From: Robert Haas <robertmhaas(at)gmail(dot)com>
To: Josh Berkus <josh(at)agliodbs(dot)com>
Cc: Bruce Momjian <bruce(at)momjian(dot)us>, Mason S <masonlists(at)gmail(dot)com>, Oleg Bartunov <obartunov(at)gmail(dot)com>, Simon Riggs <simon(at)2ndquadrant(dot)com>, PostgreSQL-development <pgsql-hackers(at)postgresql(dot)org>
Subject: Re: Horizontal scalability/sharding
Date: 2015-09-01 17:17:36
Message-ID: CA+TgmoaH8hLOJB4tMjBmBst+tswVe3kUBmaJhiJB3cLQ1ksRpg@mail.gmail.com
Views: Raw Message | Whole Thread | Download mbox | Resend email
Thread:
Lists: pgsql-hackers

On Tue, Sep 1, 2015 at 1:06 PM, Josh Berkus <josh(at)agliodbs(dot)com> wrote:
> You're assuming that our primary bottleneck for writes is IO. It's not
> at present for most users, and it certainly won't be in the future. You
> need to move your thinking on systems resources into the 21st century,
> instead of solving the resource problems from 15 years ago.
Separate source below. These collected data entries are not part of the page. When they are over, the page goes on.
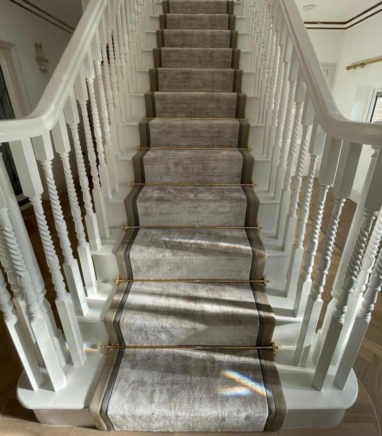The installation of Riviera Homes Monaco carpet in the luxurious Silver Seas colour has transformed this staircase into a modern and elegant focal point.
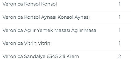 Bellona'nın şıklığı ve fonksiyonelliği bir araya getiren Veronica Yemek Odası Takımı, ailenizin ve misafirlerinizin bir araya geleceği en özel anların tadını çıkarabileceğiniz mükemmel bir ortam oluşturur. Modern tasarımı ve zarif detayları ile dikkat çeken bu yemek odası takımı, kullanım rahatlığı ve estetik kaygılarınızı bir arada düşünerek tasarlanmıştır.
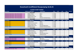 Reaseheath Unaffiliated Showjumping times 16th February 2025

Your experience doesn't match mine. I find that it's frequently
impossible to get the system to use all of the available CPU capacity,
either because you're bottlenecked on locks or because you are
bottlenecked on the I/O subsystem, and with the locking improvements
in newer versions, the former is becoming less and less common.
Amit's recent work on scalability demonstrates this trend: he goes
looking for lock bottlenecks, and finds problems that only occur at
128+ concurrent connections running full tilt. The patches show
limited benefit - a few percentage points - at lesser concurrency
levels. Either there are other locking bottlenecks that limit
performance at lower client counts but which mysteriously disappear as
concurrency increases, which I would find surprising, or the limit is
somewhere else. I haven't seen any convincing evidence that the I/O
subsystem is the bottleneck, but I'm having a hard time figuring out
what else it could be.

> Our real future bottlenecks are:
>
> * ability to handle more than a few hundred connections
> * locking limits on the scalability of writes
> * ability to manage large RAM and data caches

I do agree that all of those things are problems, FWIW.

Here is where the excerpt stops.